What needs to be done
Below are the records; return every line from the one that contains "Preparing to plant" to the last, exactly, skipping the pictures.

Data supplied

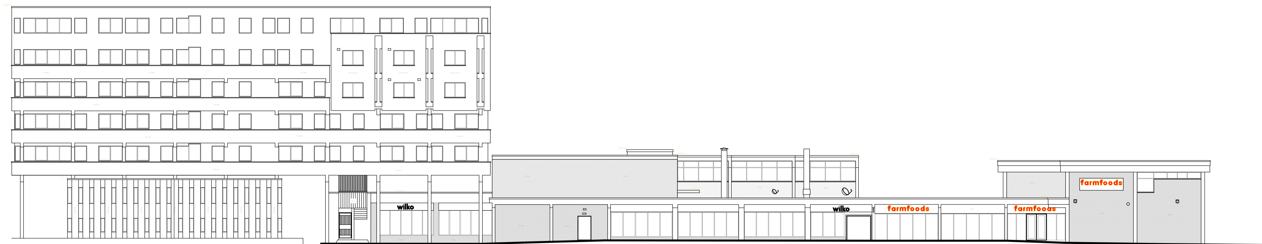
EXISTING SOUTH ELEVATION (SHOPPING PARADE) 1:200@A1
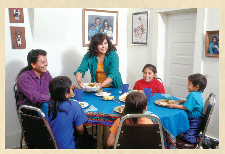
Our children are so important. Ask family and visitors not to smoke around them.

In Your Car. Do not allow anyone to smoke if children are riding in your car. Rolling down a window does not protect them.
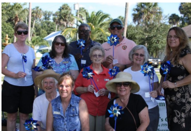
Preparing to plant
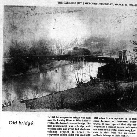
In 1836 this suspension bridge was built upon the Licking River at Blue Licks. In 1917 when it was replaced by an iron span because of increased heavy traffic, it was reported that only one wagon and a team of horses could cross side at a time as the bridge would sway from side to side from the movement.

Response to this exercise
Preparing to plant
In 1836 this suspension bridge was built upon the Licking River at Blue Licks. In 1917 when it was replaced by an iron span because of increased heavy traffic, it was reported that only one wagon and a team of horses could cross side at a time as the bridge would sway from side to side from the movement.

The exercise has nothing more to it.